Among Republican parents or those who lean in that direction, more than 8 in 10 (81%) had teens who identified similarly. Almost 9 in 10 teenagers who had Democratic or Democrat-leaning parents (89%) shared those beliefs.

Within religious groups, 82% of Protestant parents, 81% of Catholic parents, and 86% of religiously unaffiliated parents have teenagers who share their religious views. Specifically among evangelical parents, 80% have teenagers who identify as evangelical, 7% as another Protestant tradition, 1% Catholic, and 12% unaffiliated.

The Pew Research report states "even though evangelical Protestants place much higher importance on passing their religion to their children than religiously unaffiliated parents do, the two groups are about equally successful at actually doing so, at least through about age 17."

Faith among young adults

A Lifeway Research study on passing down faith also found the church dropout rate among churchgoing teens rapidly increased starting at age 17. Among those who regularly attended church for at least one year as a teenager, 69% were still going at age 17. That dropped to 58% at 18 and 40% at 19. Once they reach their 20s, around 1 in 3 say they were attending regularly.

Pew Research also did a study of the religious perspectives of adults compared to their parents' views. Most of those who were raised in a single religion--either by two parents of the same faith or a single parent--kept the same faith.

Almost 4 in 5 raised Protestant were still Protestant (79%). Around 3 in 5 Catholics (62%) and religiously unaffiliated (62%) kept the religious views in which they were raised.

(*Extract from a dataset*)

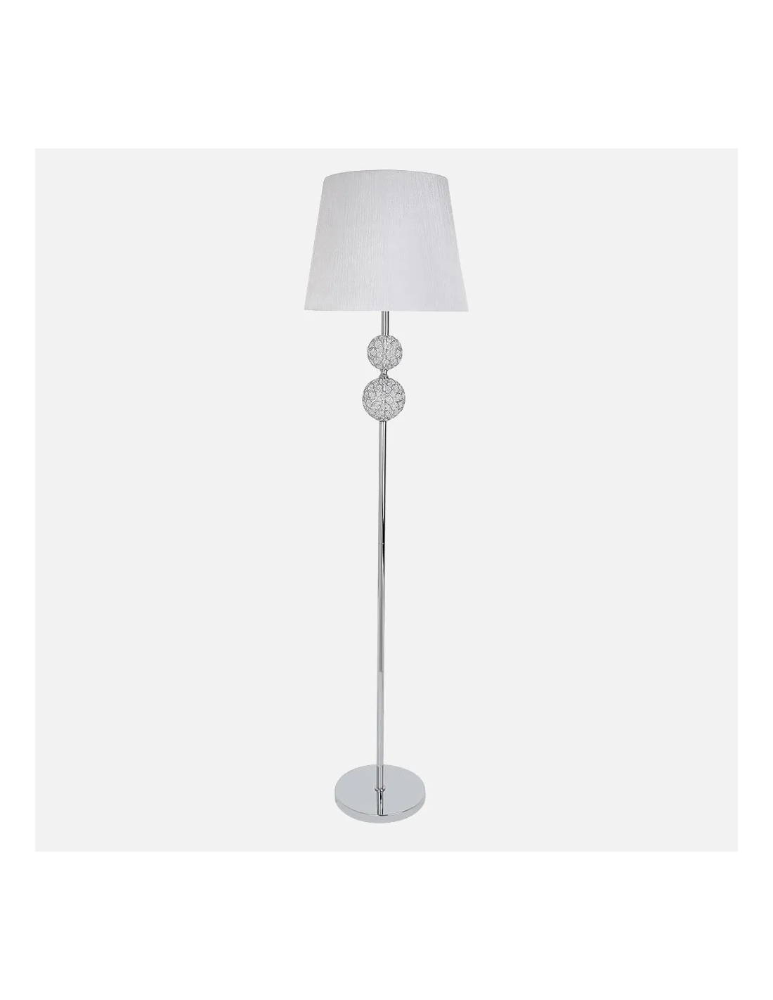 Esta lámpara destaca por su pantalla blanca, que difunde la luz de manera suave y uniforme, creando espacios cálidos y agradables. Su base en color plata añade un toque moderno que combina fácilmente con diferentes estilos decorativos.

The results were much more mixed for interfaith households. More than half (56%) of those raised with one Protestant parent and one unaffiliated were Protestant, while 34% were unaffiliated. Those with a Catholic parent and an unaffiliated one were more split between being unaffiliated themselves (42%), embracing the Catholic faith (32%), or becoming Protestant (20%). Those raised in a household with one Protestant and one Catholic parent were most likely to be Protestant (38%), followed by Catholic (29%) and unaffiliated (26%).